Due to the fact that heating from ohmic resistance increases as the square of the current often called I^2R heating you should consider the Maximum allowable current through a device as the knee curve from an exponential run away, even getting to that point is bad, surpassing it can only be done by those that know exactly what they're doing and know the consequences.

Many people think that because an LED is rated for 20ma means that 25 or 30ma might not be so bad and that it will give you much more light, but the lifespan of the LED goes down faster because of the increase in heat, AND the light output slows as current increases, so even if you double the current you won't get 200% brightness and you might get 2000% decreased life.
 
I disagree.
Most 5mm ordinary LEDs have a maximum continuous current of 30mA TO 40mA. Most have their spec's and lifetime rated at 20mA.
Here are the spec's for the Fairchild (Name brand) red LED that I have used for years:
 
Most common LEDs used now are white or blue LED, not red.
 
In that circuit it does not matter.
 
Of course it can matter, it's totally up to the application.
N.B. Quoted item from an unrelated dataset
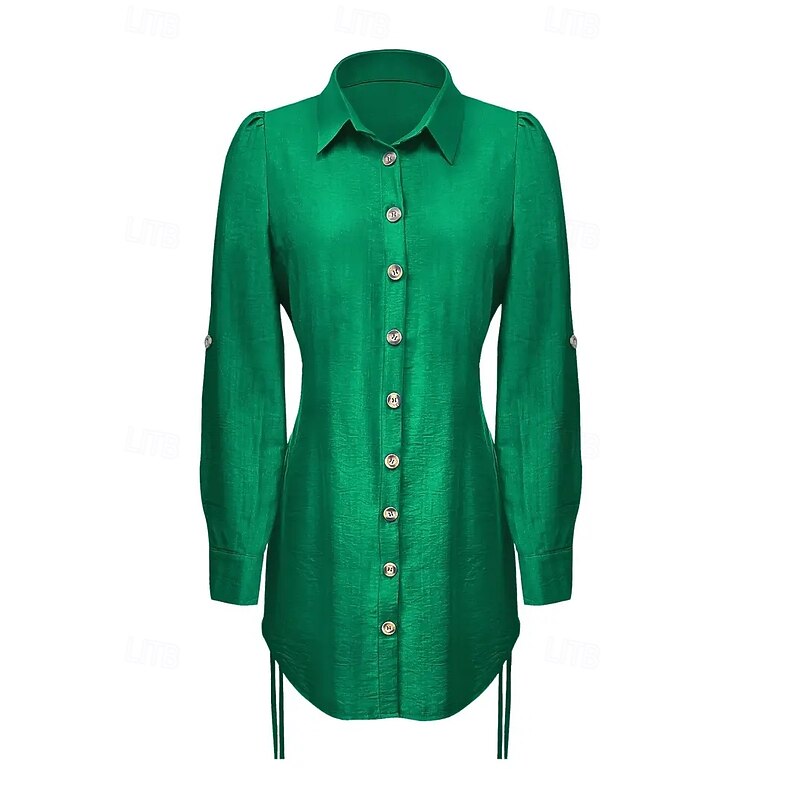 Highlights - Elegant women's fall dress - Made of high-quality polyester fabric - Features long sleeves for a sleek look - V-neckline and solid color design add a touch of sophistication - Button, drawstring, and shirred details for added style - excellent for daily wear or a special occasion - Available in mini dress and petite dress lengths for a flattering fit.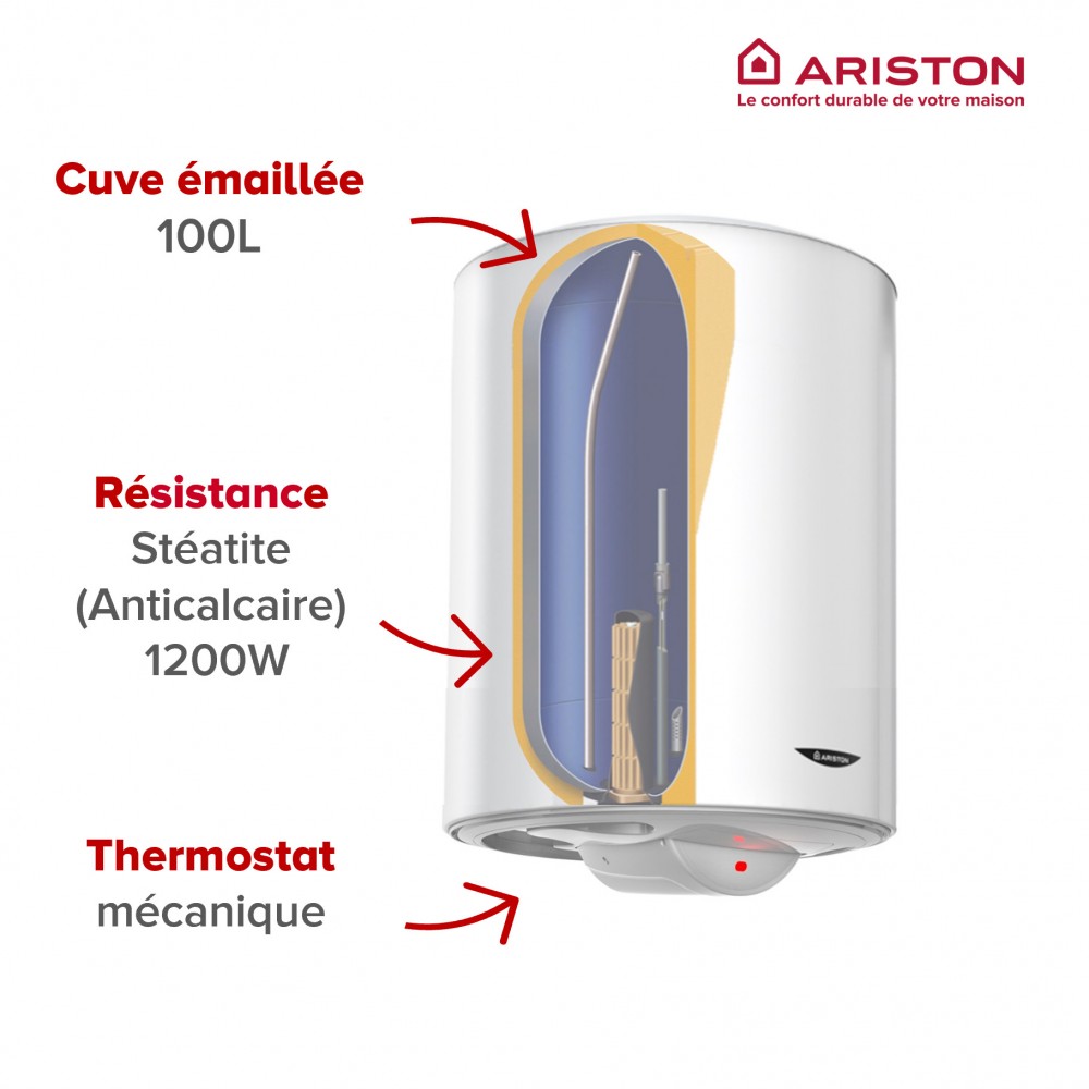 - Résistance stéatite : L'élément chauffant est inséré dans un fourreau protecteur, évitant tout contact avec l'eau. Cette technologie empêche l'entartrage de la résistance et permet son remplacement sans vidange de la cuve.

In the case of the circuit in post #28 two different resistors are required because of the difference in the forward voltage of the RGB elements so you obviously can't put the resistor on the common anode. You also can't put it on the other side of the transistor as it will bias the transistor improperly.
 
Yep, though keep in mind that although you're not driving the LED's from the I/O lines directly that the 1k resistors still draw 5ma of current keep that in mind with the rest of the current drawn from your chip to keep it cool and running fine, those 5ma's adds up to 75 milli watts of waste power (all as heat) in the transistors.

For lower power usage you would be better off with a switching transistor with a LOT more gain. 2n2222's are general purpose.
 
So the LED resistor should stay like it is on #28 schematic?

That only applies to the 'specific' application as shown in your post #28, for a general single series resistor/led it doesn't matter which order.
 
BC517? http://www.datasheetcatalog.org/datasheet2/6/0rkjplo475sireugkcpd64zw19fy.pdf I has a LOT of gain, not sure if i went from "too low" to "way too much" or it will be fine?
You forgot to show us a schematic with the BC517 darlington transistor. It does not MANUFACTURE current, instead it simply switches existing current on and off if it is connected correctly. It has a voltage loss (called collector-emitter saturation voltage) of 1V max at 100mA when its base current is 0.1mA.
 
Oh, i didnt noticed its darlington, i dont know how it slipped with search that should exclude them...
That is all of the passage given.